===== Dataset entries
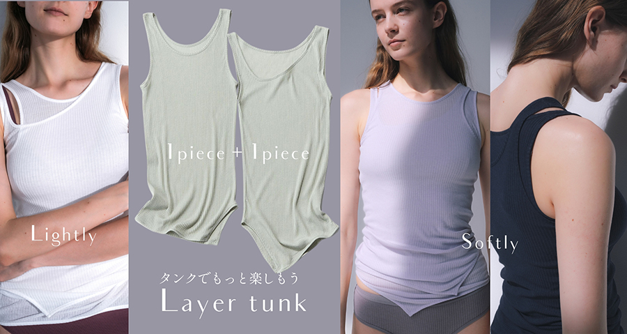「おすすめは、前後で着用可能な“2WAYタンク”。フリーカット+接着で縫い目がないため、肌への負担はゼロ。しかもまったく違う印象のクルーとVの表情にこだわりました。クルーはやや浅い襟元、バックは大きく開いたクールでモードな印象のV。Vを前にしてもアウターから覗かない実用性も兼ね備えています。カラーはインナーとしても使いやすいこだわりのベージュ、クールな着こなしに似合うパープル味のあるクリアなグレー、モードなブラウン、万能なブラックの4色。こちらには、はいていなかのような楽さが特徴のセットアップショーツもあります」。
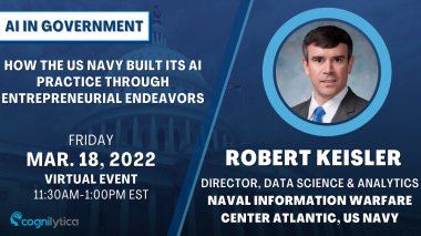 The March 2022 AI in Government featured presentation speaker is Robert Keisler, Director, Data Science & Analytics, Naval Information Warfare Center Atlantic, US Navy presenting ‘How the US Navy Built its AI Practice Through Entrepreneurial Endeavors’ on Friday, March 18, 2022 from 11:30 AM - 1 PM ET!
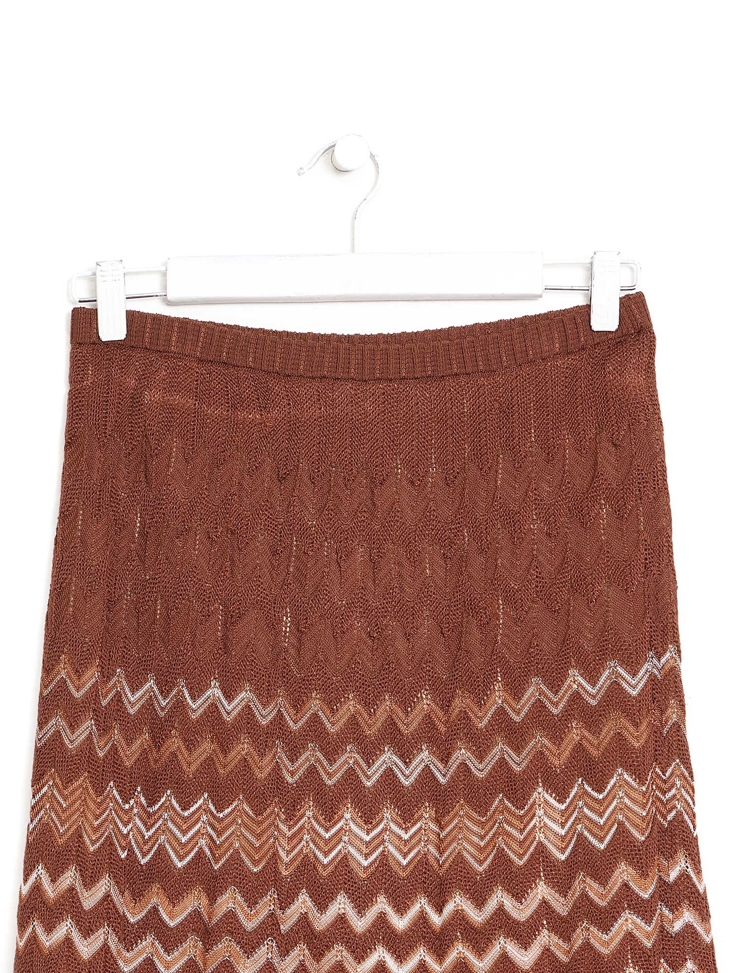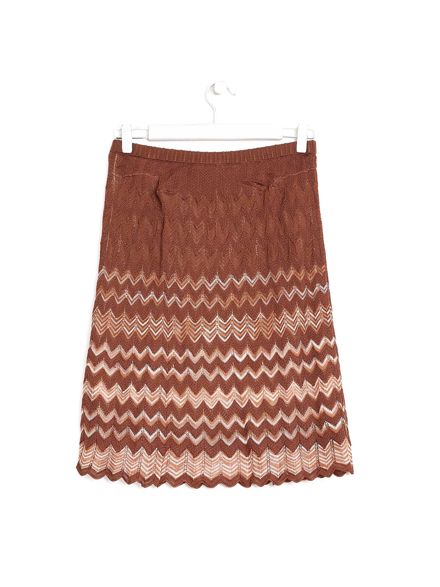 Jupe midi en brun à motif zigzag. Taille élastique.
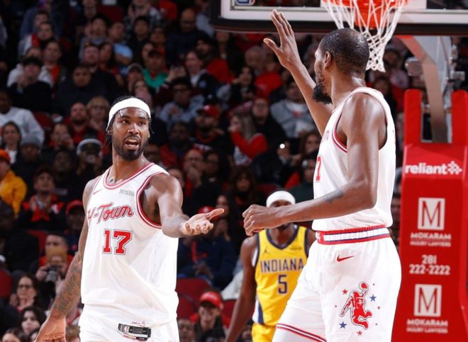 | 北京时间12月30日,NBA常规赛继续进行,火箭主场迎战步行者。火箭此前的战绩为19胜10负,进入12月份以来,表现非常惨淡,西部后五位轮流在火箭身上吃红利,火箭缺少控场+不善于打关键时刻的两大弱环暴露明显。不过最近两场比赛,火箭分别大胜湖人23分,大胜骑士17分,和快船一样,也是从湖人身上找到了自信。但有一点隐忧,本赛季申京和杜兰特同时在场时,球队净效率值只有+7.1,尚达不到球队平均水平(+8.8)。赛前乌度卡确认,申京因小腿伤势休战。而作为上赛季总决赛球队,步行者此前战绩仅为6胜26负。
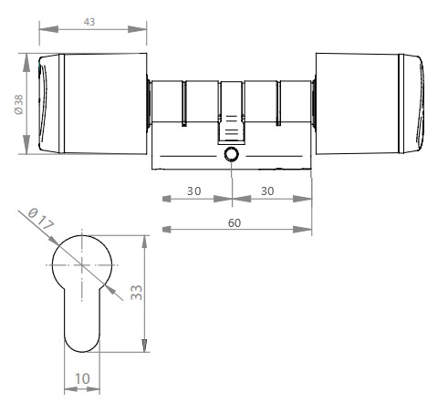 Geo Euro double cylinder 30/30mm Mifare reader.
==========
- Your goal -
Although the records above contain pictures, your copy should give only their text, exactly as written.

- Solution to the problem -
「おすすめは、前後で着用可能な“2WAYタンク”。フリーカット+接着で縫い目がないため、肌への負担はゼロ。しかもまったく違う印象のクルーとVの表情にこだわりました。クルーはやや浅い襟元、バックは大きく開いたクールでモードな印象のV。Vを前にしてもアウターから覗かない実用性も兼ね備えています。カラーはインナーとしても使いやすいこだわりのベージュ、クールな着こなしに似合うパープル味のあるクリアなグレー、モードなブラウン、万能なブラックの4色。こちらには、はいていなかのような楽さが特徴のセットアップショーツもあります」。
 The March 2022 AI in Government featured presentation speaker is Robert Keisler, Director, Data Science & Analytics, Naval Information Warfare Center Atlantic, US Navy presenting ‘How the US Navy Built its AI Practice Through Entrepreneurial Endeavors’ on Friday, March 18, 2022 from 11:30 AM - 1 PM ET!
 Jupe midi en brun à motif zigzag. Taille élastique.
 | 北京时间12月30日,NBA常规赛继续进行,火箭主场迎战步行者。火箭此前的战绩为19胜10负,进入12月份以来,表现非常惨淡,西部后五位轮流在火箭身上吃红利,火箭缺少控场+不善于打关键时刻的两大弱环暴露明显。不过最近两场比赛,火箭分别大胜湖人23分,大胜骑士17分,和快船一样,也是从湖人身上找到了自信。但有一点隐忧,本赛季申京和杜兰特同时在场时,球队净效率值只有+7.1,尚达不到球队平均水平(+8.8)。赛前乌度卡确认,申京因小腿伤势休战。而作为上赛季总决赛球队,步行者此前战绩仅为6胜26负。
 Geo Euro double cylinder 30/30mm Mifare reader.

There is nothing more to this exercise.